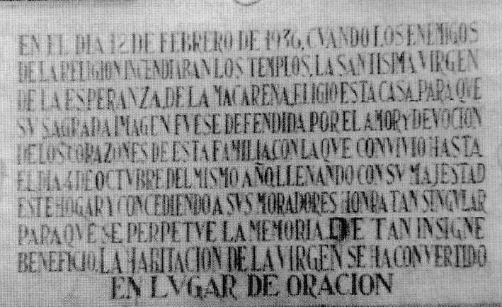 17 de Diciembre de 2006 Mañana es Su Santo y muchos la veran, como la estamos viendo desde el pasado viernes en todo Su esplendor de Reina de la Tierra y de los Cielos , pero quizás este año sea un año especial. Pues Ella. mañana estara alli gracias a que hace setenta años hubo unos hombres y una mujer que se jugaron la vida para que estuviera alli y que la libraron de las llamas de las hordas marxistas, frente populista y cuyos nietos de aquella epoca, no necesariamente de los mismo hechos , tras la invocación no del Espiritu santo, sino del espiritu republicano en plena inmaculada te lanza un manifiesto laicista Posiblement Ella, mañana no olvidará la mirada de miedo de Manuel Gamero y Victoria Sanchez Contrera, limpiadora del templo de San Gil mientra la ocultaba en su humilde casa de la calle Escoberos envolviendola entre sábanas , para que no corriera la misma suerte que tantas imagenes y templos en Sevilla Ella no olvidará, en Su memoria historica , como sin procesiones extraordinarias sino en una furgoneta la trasladaban y sacaban de su refugio secreto de la calle Orfila , bajo el mas riguroso secreto de hombres como José Ruiz Ternero, Domingo de la Torre y Antonio Roman Villa .- Ella recordará como veía la luz de Sevilla no entre sus varales y bambalinas sino entre las rendijas de un humilde cajón de madera y oia como se extendia el rumor de que estaba oculta en el mausoleo de Joselito .- Ella esta noches junto a los hermanos que hacen turno de vela en su Besamanos del siglo XXI, seguramente recordará los rostro de aquellos otros hermanos que en 1936 , hicieron guardias nocturnas y diurnas mientras efimeramente estaba en San Gil, para protegerla de ningun atentado .- No olvidará la visita en su exilio del general Millan Astray , no olvidara como se entero que se habia uqedado sin Su casa la noche de un 18 de Julio que le obligo a vivir en la diaspora de su barrio y trasladarse a la Universidad que entonces estaba en el Valle .- Quizás el equipo de priostia macareno, este año, precisamente este año, que nos quieren vender la burra de que los verdugos anticlericales, fueron seres puros que no rompieron un plato; en estos momentos de neorepublicanismo , de palmario revanchismo de perdedores guerracivilista que quieren dar al traste con una ejemplar Transición ; deberian haber rescatado ese humilde cajón, esa humilde toca y de esa manera haber montado el altar de besamanos macareno de este año , como hace sententa años, para que la generaciones presentes , recuerden lo que hicieron generaciones pasadas y no lo repitan generaciones futuras .- No, no es casualidad que hoy la Madre de Dios este donde esta y como está, fue gracias a la fe, a la devoción, al arrojo, a la valentia , a la determinación de unos pocos , que nosotros hoy los cofrades catolicos sevillanso parece como si nos acomplejara recordar estos dramáticos tiempos en que fuimos impia e implacablemente perseguidos y que parece que empezamos de nuevos a sentir esa inquitante sensación Esta es la otra memoria historica , que los rojos laicistas darian lo que fuera por no recordar ,"cuando los enemigos de la religión incenciaba templos " por lo que deberia haber colocado , en algun lugar del Besamanos esta lápida de la calle Orfila num 6 :
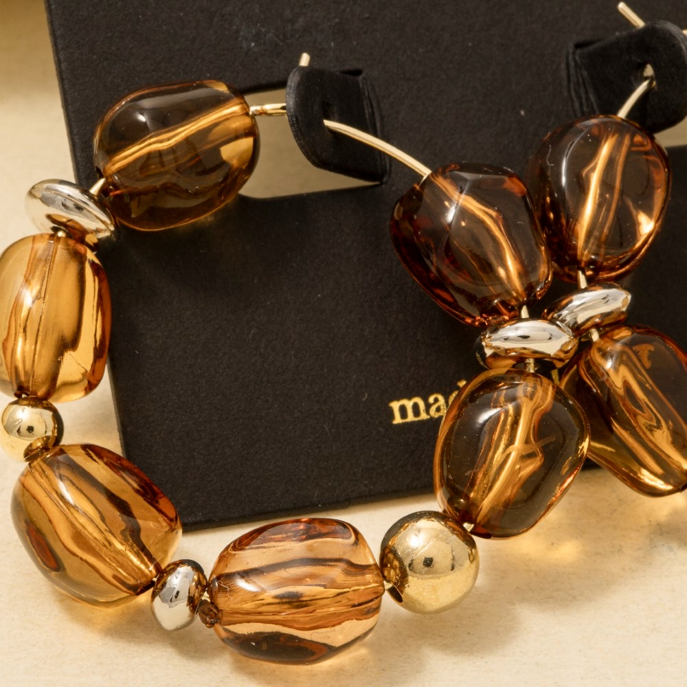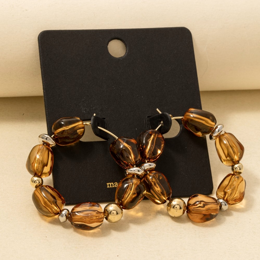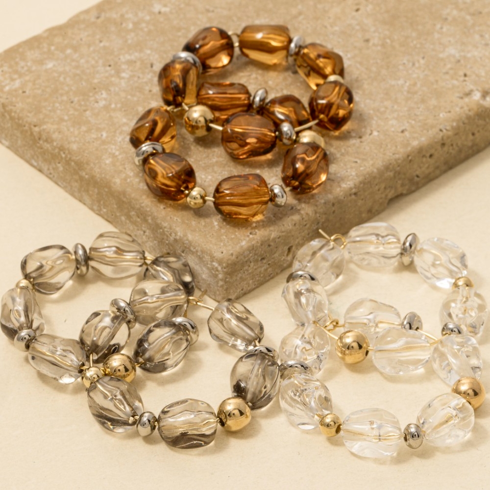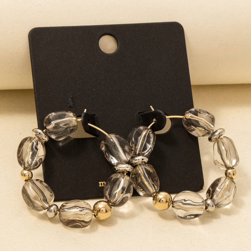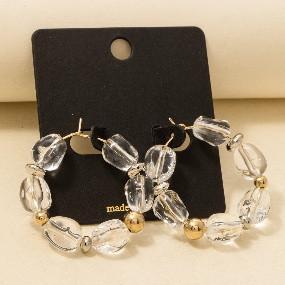 A contemporary masterpiece, this pair of hoop earrings emanates an elegant clear acrylic bead design. Elevate your personal style effortlessly with this versatile pair of hoop earrings, an essential component for a refined wardrobe. Available in BR, CL, GR. This item is sold in packs of 1.
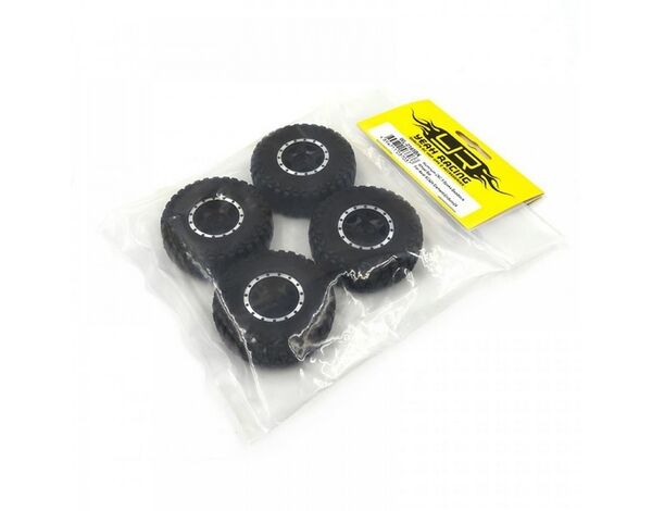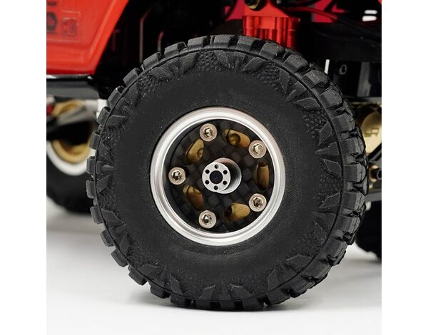 Beadlock rims with a graphite center locking ring, to keep the rotating mass lower for a more stable climb when you punch the throttle. Comes with a wheel hub, so you can take it out of the packet mount tires and go crawling!
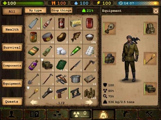 mira el emocionante juego para IOS donde sobrevivirás en un mundo post-nuclear apocalíptico. Este juego te llevará de regreso en el tiempo a 1985, cuando la URSS fue atacada por un enemigo invisible y en cuestión de días, destruyó todo el país al detonar un arma nuclear. Eres uno de los pocos sobrevivientes después de una terrible guerra y ahora tienes que sobrevivir en este mundo peligroso y roto. Las calles de muchas ciudades devastadas están llenas de monstruos, mutantes y bandidos que representan un peligro aún mayor. También deberás tener cuidado con enfermedades, hambre, agotamiento y heridas. Explora la numerosa tierra baldía y consigue un arma y comida. Intenta sobrevivir en una carrera contra la muerte y no permitas que te derrote.

WORK INSTRUCTION: Reproduce the data above verbatim, minus any images.

RESPONSE FOR THIS EXERCISE:
 17 de Diciembre de 2006 Mañana es Su Santo y muchos la veran, como la estamos viendo desde el pasado viernes en todo Su esplendor de Reina de la Tierra y de los Cielos , pero quizás este año sea un año especial. Pues Ella. mañana estara alli gracias a que hace setenta años hubo unos hombres y una mujer que se jugaron la vida para que estuviera alli y que la libraron de las llamas de las hordas marxistas, frente populista y cuyos nietos de aquella epoca, no necesariamente de los mismo hechos , tras la invocación no del Espiritu santo, sino del espiritu republicano en plena inmaculada te lanza un manifiesto laicista Posiblement Ella, mañana no olvidará la mirada de miedo de Manuel Gamero y Victoria Sanchez Contrera, limpiadora del templo de San Gil mientra la ocultaba en su humilde casa de la calle Escoberos envolviendola entre sábanas , para que no corriera la misma suerte que tantas imagenes y templos en Sevilla Ella no olvidará, en Su memoria historica , como sin procesiones extraordinarias sino en una furgoneta la trasladaban y sacaban de su refugio secreto de la calle Orfila , bajo el mas riguroso secreto de hombres como José Ruiz Ternero, Domingo de la Torre y Antonio Roman Villa .- Ella recordará como veía la luz de Sevilla no entre sus varales y bambalinas sino entre las rendijas de un humilde cajón de madera y oia como se extendia el rumor de que estaba oculta en el mausoleo de Joselito .- Ella esta noches junto a los hermanos que hacen turno de vela en su Besamanos del siglo XXI, seguramente recordará los rostro de aquellos otros hermanos que en 1936 , hicieron guardias nocturnas y diurnas mientras efimeramente estaba en San Gil, para protegerla de ningun atentado .- No olvidará la visita en su exilio del general Millan Astray , no olvidara como se entero que se habia uqedado sin Su casa la noche de un 18 de Julio que le obligo a vivir en la diaspora de su barrio y trasladarse a la Universidad que entonces estaba en el Valle .- Quizás el equipo de priostia macareno, este año, precisamente este año, que nos quieren vender la burra de que los verdugos anticlericales, fueron seres puros que no rompieron un plato; en estos momentos de neorepublicanismo , de palmario revanchismo de perdedores guerracivilista que quieren dar al traste con una ejemplar Transición ; deberian haber rescatado ese humilde cajón, esa humilde toca y de esa manera haber montado el altar de besamanos macareno de este año , como hace sententa años, para que la generaciones presentes , recuerden lo que hicieron generaciones pasadas y no lo repitan generaciones futuras .- No, no es casualidad que hoy la Madre de Dios este donde esta y como está, fue gracias a la fe, a la devoción, al arrojo, a la valentia , a la determinación de unos pocos , que nosotros hoy los cofrades catolicos sevillanso parece como si nos acomplejara recordar estos dramáticos tiempos en que fuimos impia e implacablemente perseguidos y que parece que empezamos de nuevos a sentir esa inquitante sensación Esta es la otra memoria historica , que los rojos laicistas darian lo que fuera por no recordar ,"cuando los enemigos de la religión incenciaba templos " por lo que deberia haber colocado , en algun lugar del Besamanos esta lápida de la calle Orfila num 6 :
 A contemporary masterpiece, this pair of hoop earrings emanates an elegant clear acrylic bead design. Elevate your personal style effortlessly with this versatile pair of hoop earrings, an essential component for a refined wardrobe. Available in BR, CL, GR. This item is sold in packs of 1.
 Beadlock rims with a graphite center locking ring, to keep the rotating mass lower for a more stable climb when you punch the throttle. Comes with a wheel hub, so you can take it out of the packet mount tires and go crawling!
 mira el emocionante juego para IOS donde sobrevivirás en un mundo post-nuclear apocalíptico. Este juego te llevará de regreso en el tiempo a 1985, cuando la URSS fue atacada por un enemigo invisible y en cuestión de días, destruyó todo el país al detonar un arma nuclear. Eres uno de los pocos sobrevivientes después de una terrible guerra y ahora tienes que sobrevivir en este mundo peligroso y roto. Las calles de muchas ciudades devastadas están llenas de monstruos, mutantes y bandidos que representan un peligro aún mayor. También deberás tener cuidado con enfermedades, hambre, agotamiento y heridas. Explora la numerosa tierra baldía y consigue un arma y comida. Intenta sobrevivir en una carrera contra la muerte y no permitas que te derrote.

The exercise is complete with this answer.